Author(s): Hoda S El-Sayed, Samah M EL-Sayed, Galal A Nawwar

Microcrystalline cellulose from rice straw bleached pulp was prepared using solar energy then, it modified to synthesize novel nontoxic antimicrobial cellulose (MAMC) derivative which utilized in the manufacture of stirred yoghurt. Different concentration of (MAMC) was used and compared with stirred yoghurt (control). Microbiologically, chemically, organoleptic and physical properties of resultant stirred yoghurt were studied. Also, the antimicrobial activity of the different concentration of MAMC was assayed against bacterial and fungal pathogenic strains. Results revealed that MAMC was shown good effect against all the pathogenic strains especially at 1.00% concentration which the diameter of inhibition zone ranged from 10 to 15 mm.
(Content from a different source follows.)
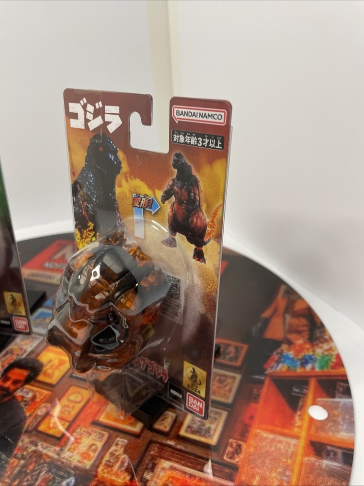 Bandai Godzilla Transforming Egg figures from the 2024 series. These figures, when in their egg form, are designed to transform into the characters Burning Godzilla and Mothra. Each figure is packaged individually, displaying both the egg form and the transformed character on the packaging. The packaging also includes the Bandai Namco logo, the Godzilla logo, and the age recommendation of 3 years and up. Burning Godzilla: The egg is primarily black and orange, representing Burning Godzilla's fiery appearance. The packaging shows the egg transforming into Burning Godzilla, with his characteristic red and orange highlights. Mothra: The egg is white with brown and yellow accents, representing Mothra's colors. The packaging illustrates the egg transforming into both Mothra's adult and larval forms. These figures are part of the "Egg Monsters Godzilla" line, where the gimmick is the ability to transform between an egg shape and a monster form. When transformed, the figures stand approximately 4.5 inches tall. This is a Bandai Godzilla Transforming Egg figure set that includes Fire Godzilla and Mothra. The figures are made in Japan and are recommended for children aged 6 and above. The set features a unique design and is part of the Godzilla theme. The figures can be transformed into different shapes and are perfect for collectors and fans of the franchise.

Addition of MAMC had slightly increased on the viability of Lactobacillus delbrueckii subsp. bulgaricus, Streptococcus thermophilus and Bifidobacterium bifidum. Moreover, all treatments free from coliform, yeast and mold compared with control when fresh and during cold storage. Moreover, Additive MAMC impose various degrees of inhibition against the growth of some pathogenic and fungi that cause food contamination and spoilage. The acidity and SN/TN of stirred yoghurt treatments increased with prolonged storage period but declined with increasing the ratios of MAMC addition. Sensory evaluation showed that 0.5% of MAMC was the best concentration that had a highest total score during storage. It was recommended that use of MAMC as natural preservatives of stirred yoghurt improve the overall acceptability at ratio 0.50% and extended the shelf life of this product.